→ Exercise description
A faithful copy is needed of the lines below from the one with "ZOLUCKY Women's Casual" up to and including the one with "Складаний BBQ-гриль Mensory"; set it down with no pictures and no other lines.

→ Record set
>>>>
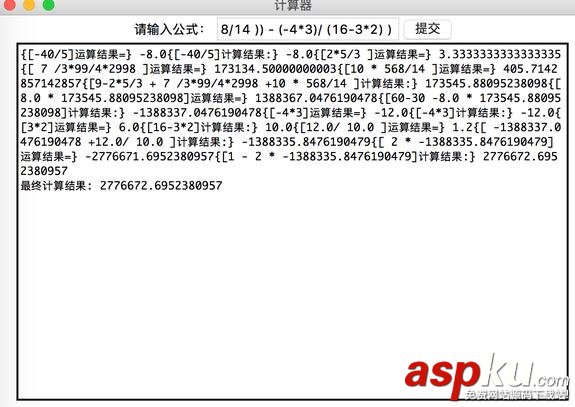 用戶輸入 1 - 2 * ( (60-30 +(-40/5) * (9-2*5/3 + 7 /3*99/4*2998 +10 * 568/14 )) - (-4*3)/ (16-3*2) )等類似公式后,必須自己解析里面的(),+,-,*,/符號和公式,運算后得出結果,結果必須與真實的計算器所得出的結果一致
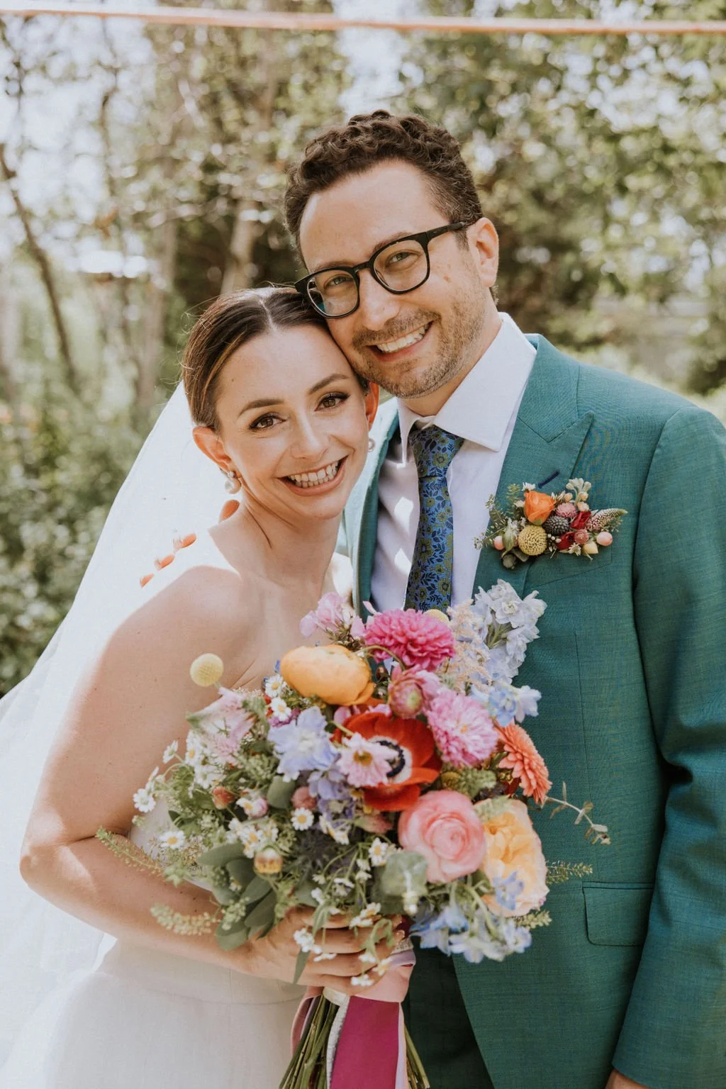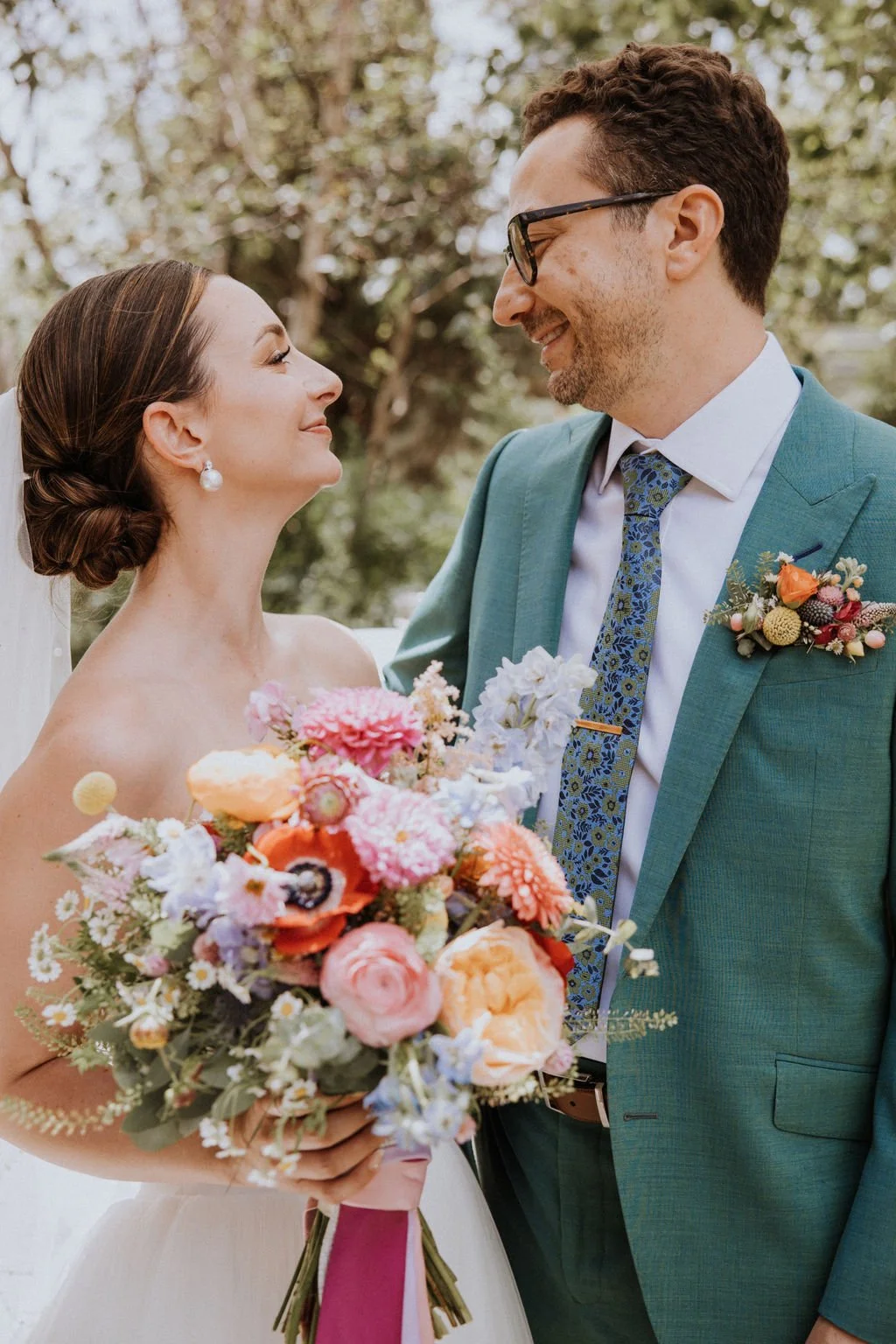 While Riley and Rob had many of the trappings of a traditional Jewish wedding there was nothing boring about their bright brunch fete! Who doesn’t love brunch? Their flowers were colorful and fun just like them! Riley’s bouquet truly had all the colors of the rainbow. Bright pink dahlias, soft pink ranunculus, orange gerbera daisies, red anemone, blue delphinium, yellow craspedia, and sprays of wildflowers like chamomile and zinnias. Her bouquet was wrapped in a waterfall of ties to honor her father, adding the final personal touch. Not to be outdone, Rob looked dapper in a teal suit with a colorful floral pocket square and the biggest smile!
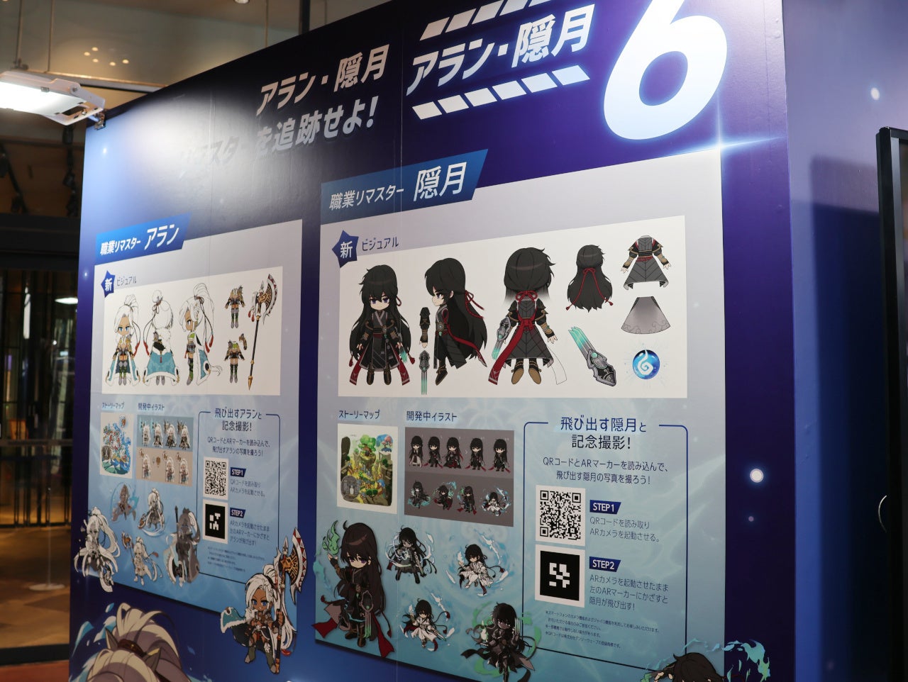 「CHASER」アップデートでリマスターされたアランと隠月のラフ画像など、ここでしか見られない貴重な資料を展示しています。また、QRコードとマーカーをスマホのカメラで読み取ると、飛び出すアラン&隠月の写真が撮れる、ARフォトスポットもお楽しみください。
<<<<
>>>>
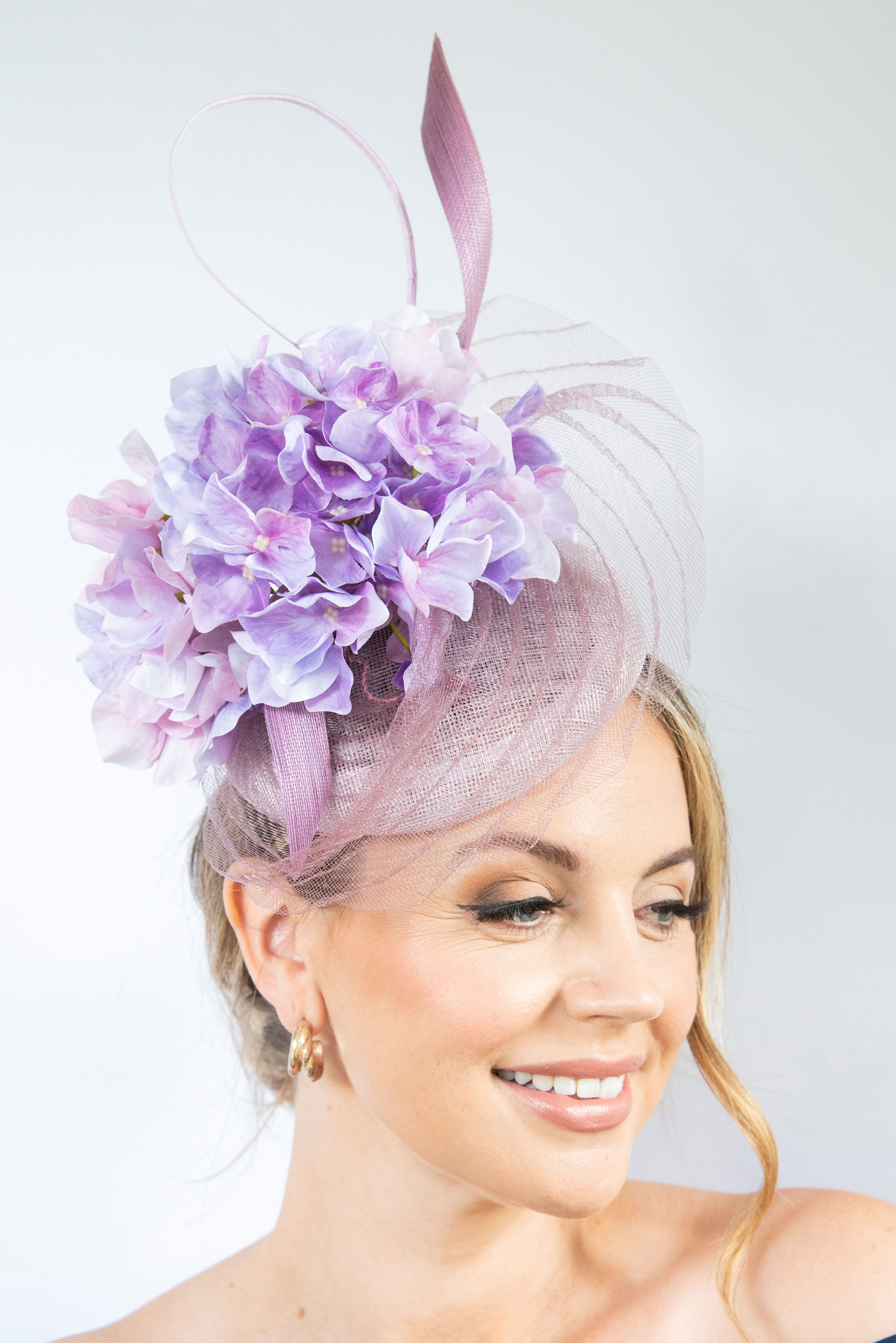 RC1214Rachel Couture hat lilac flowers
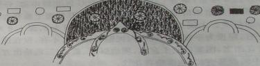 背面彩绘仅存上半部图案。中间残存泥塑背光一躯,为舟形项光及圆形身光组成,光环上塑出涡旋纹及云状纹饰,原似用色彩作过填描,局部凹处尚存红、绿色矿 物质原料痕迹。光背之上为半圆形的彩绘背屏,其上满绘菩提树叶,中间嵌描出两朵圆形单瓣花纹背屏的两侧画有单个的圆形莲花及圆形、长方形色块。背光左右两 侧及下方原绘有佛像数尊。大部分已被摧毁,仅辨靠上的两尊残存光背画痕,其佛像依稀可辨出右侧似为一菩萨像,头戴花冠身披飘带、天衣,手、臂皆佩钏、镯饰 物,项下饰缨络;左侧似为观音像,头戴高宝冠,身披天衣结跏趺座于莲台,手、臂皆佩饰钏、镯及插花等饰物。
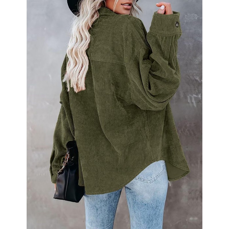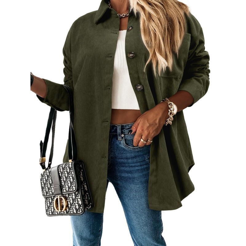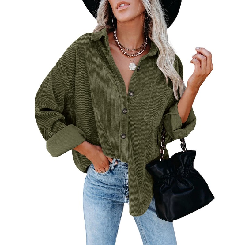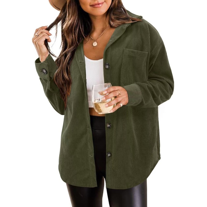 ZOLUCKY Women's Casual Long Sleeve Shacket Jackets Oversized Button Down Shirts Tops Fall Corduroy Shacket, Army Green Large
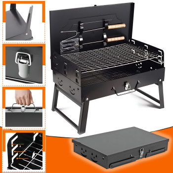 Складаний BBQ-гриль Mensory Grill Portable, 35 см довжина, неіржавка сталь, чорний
<<<<
>>>>
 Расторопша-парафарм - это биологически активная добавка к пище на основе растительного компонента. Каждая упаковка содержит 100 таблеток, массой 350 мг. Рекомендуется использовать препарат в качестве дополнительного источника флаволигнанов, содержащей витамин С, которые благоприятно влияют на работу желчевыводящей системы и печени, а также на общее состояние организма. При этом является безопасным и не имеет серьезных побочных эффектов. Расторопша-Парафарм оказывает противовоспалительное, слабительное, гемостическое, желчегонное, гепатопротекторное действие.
<<<<
→ Reply to the exercise
 ZOLUCKY Women's Casual Long Sleeve Shacket Jackets Oversized Button Down Shirts Tops Fall Corduroy Shacket, Army Green Large
 Складаний BBQ-гриль Mensory Grill Portable, 35 см довжина, неіржавка сталь, чорний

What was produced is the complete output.